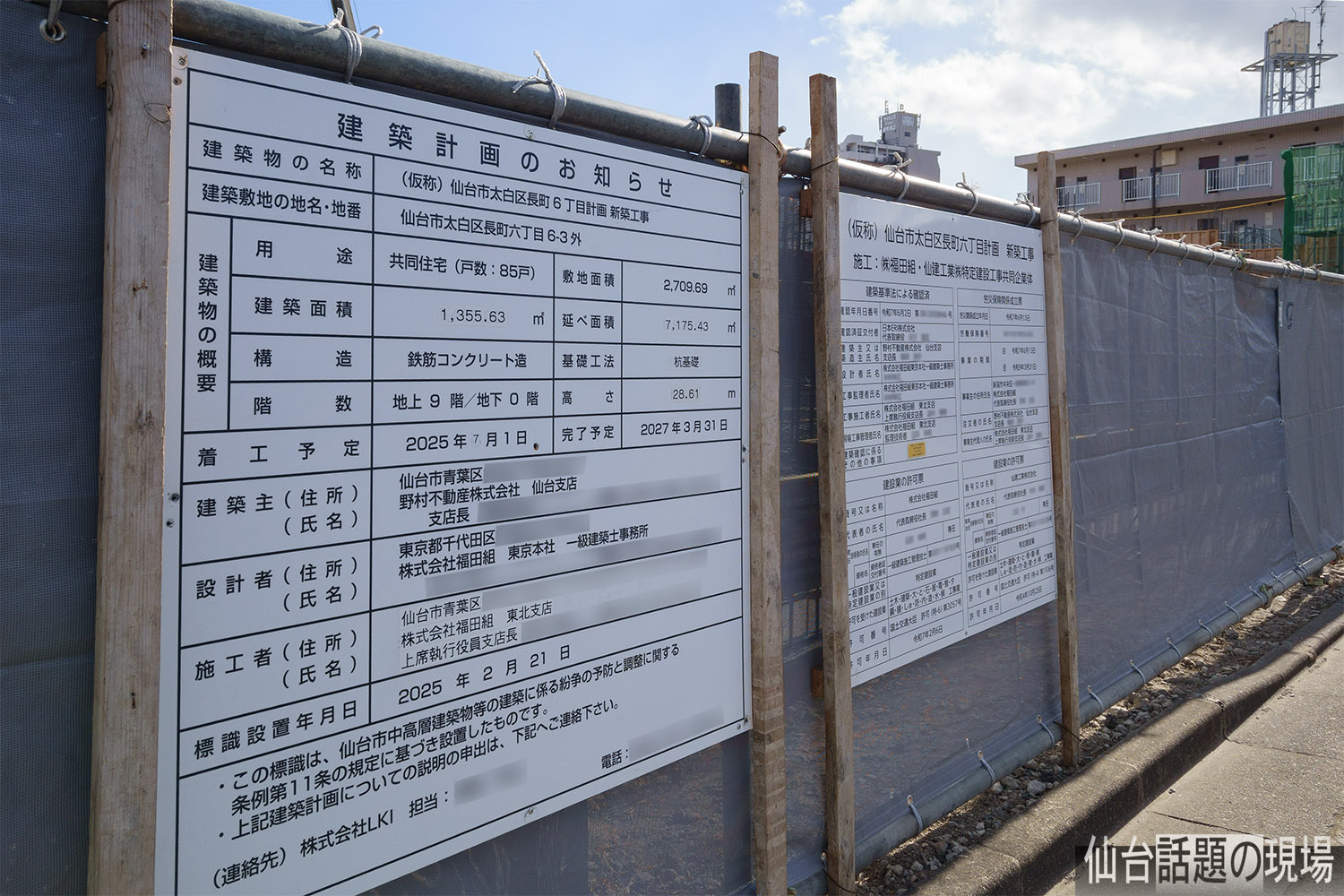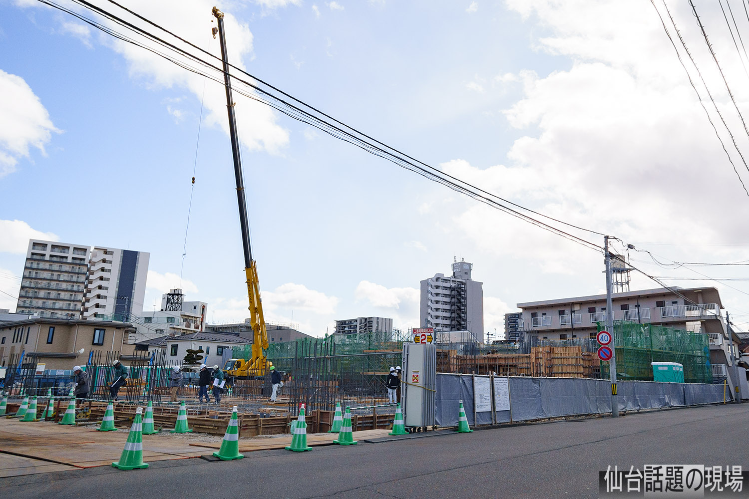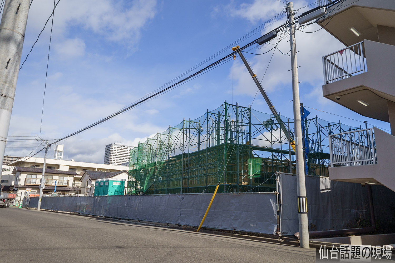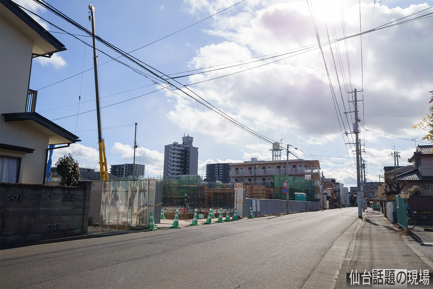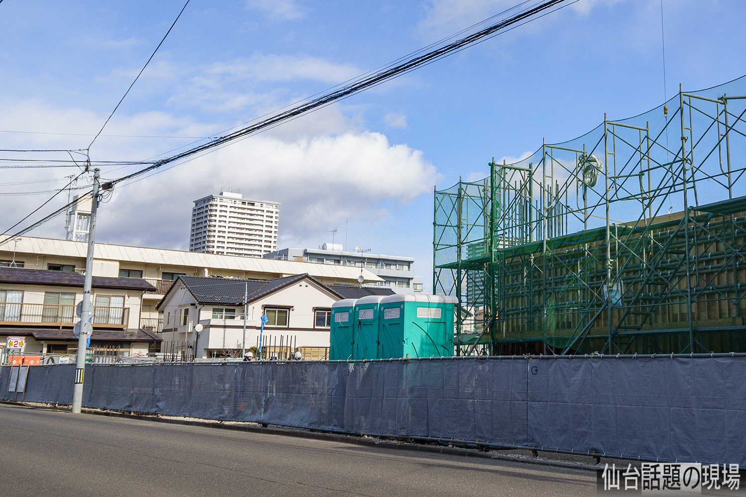 建設現場から北の方には、長町駅前の高層マンション「ライオンズタワー仙台長町」が見えました。長町駅からすぐの場所ですね。
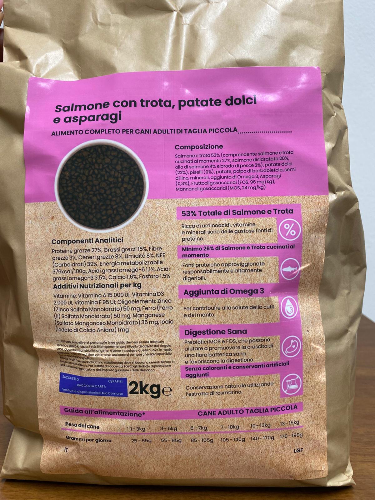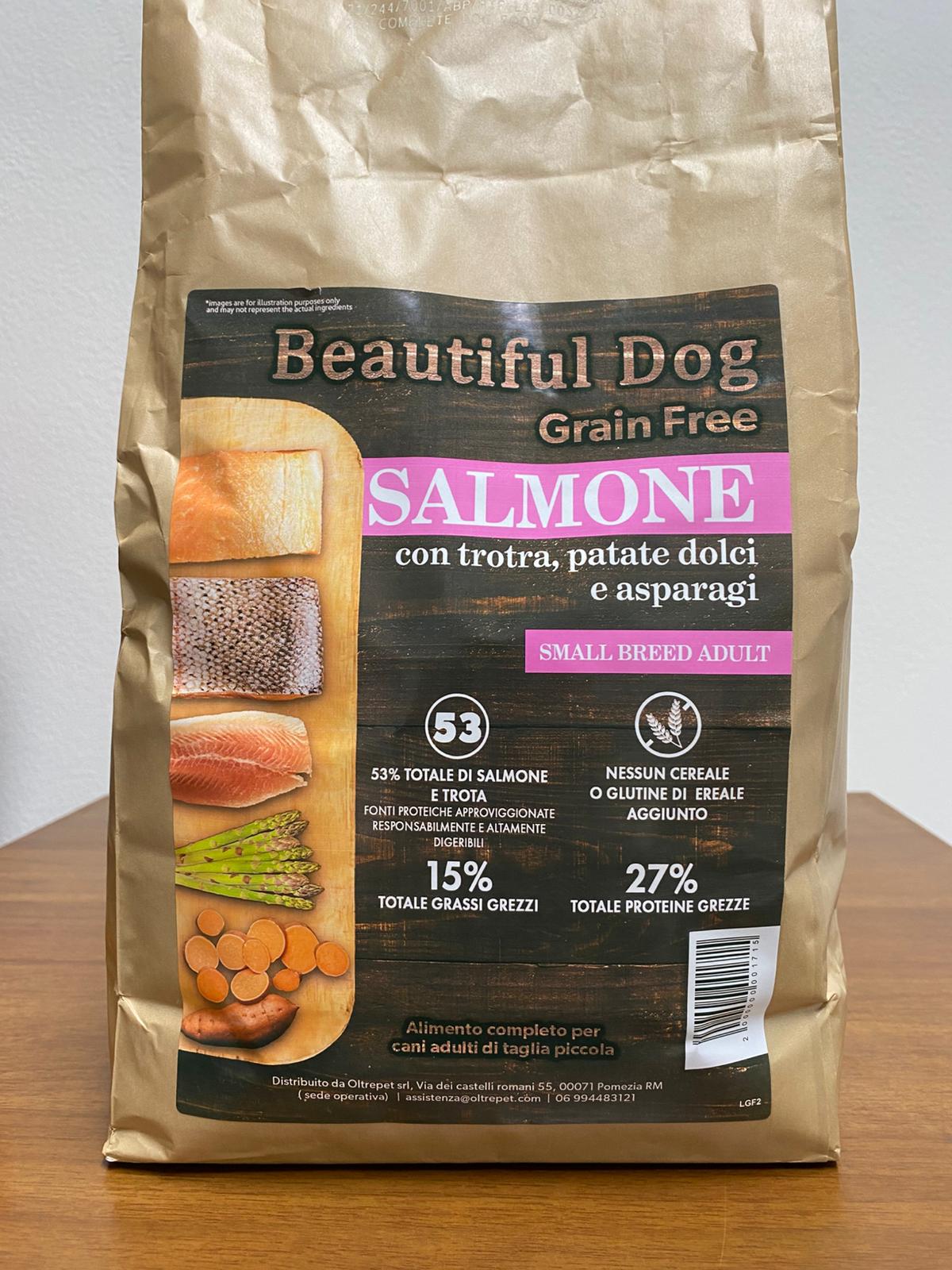 Beautiful Dog Salmone con Trota, Patate Dolci e Asparagi Grain Free Cane Adulto Taglia Piccola 2Kg
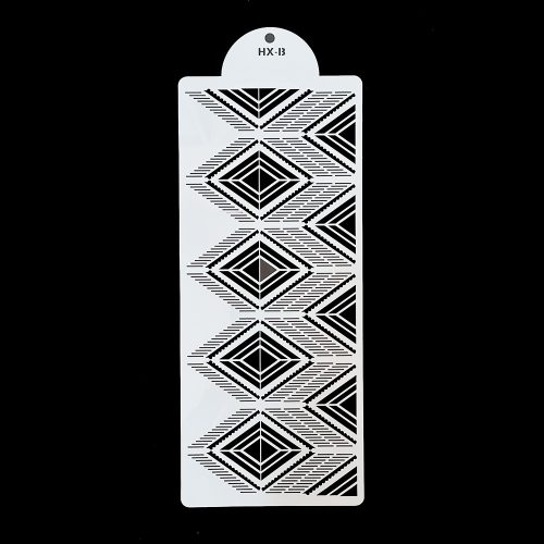 A sablon a szélén található fül segítségével egyszerűen felhelyezhető a kívánt felületre, majd ugyanilyen egyszerűen eltávolítható onnan a minta elmaszatolása nélkül.
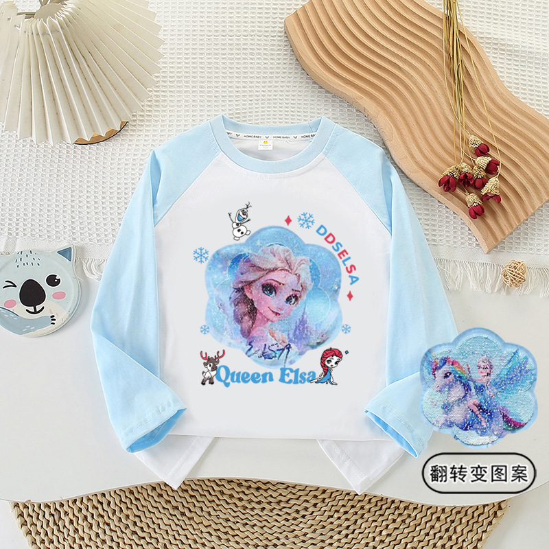 소녀 이른 가을 면화 패치 워크 긴 소매 인쇄 공주 엘사 가역 패턴 시퀀스베이스 탑 봄과 가을스토어 가기
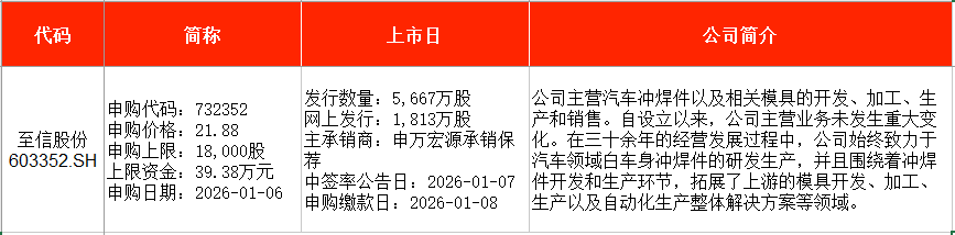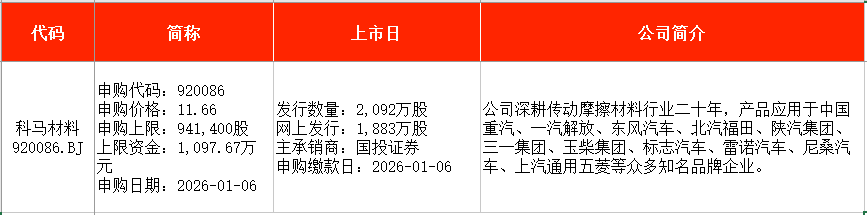 从时间表看,至信股份(603352)、科马材料(920086)均将在本周二(1月6日)申购。
|---|
#### [Directions]
Find the line containing "Beautiful Dog Salmone" in the listing above. Please restate word for word that line through the last one, leaving out the pictures.

#### [Solution to this task]
 Beautiful Dog Salmone con Trota, Patate Dolci e Asparagi Grain Free Cane Adulto Taglia Piccola 2Kg
 A sablon a szélén található fül segítségével egyszerűen felhelyezhető a kívánt felületre, majd ugyanilyen egyszerűen eltávolítható onnan a minta elmaszatolása nélkül.
 소녀 이른 가을 면화 패치 워크 긴 소매 인쇄 공주 엘사 가역 패턴 시퀀스베이스 탑 봄과 가을스토어 가기
 从时间表看,至信股份(603352)、科马材料(920086)均将在本周二(1月6日)申购。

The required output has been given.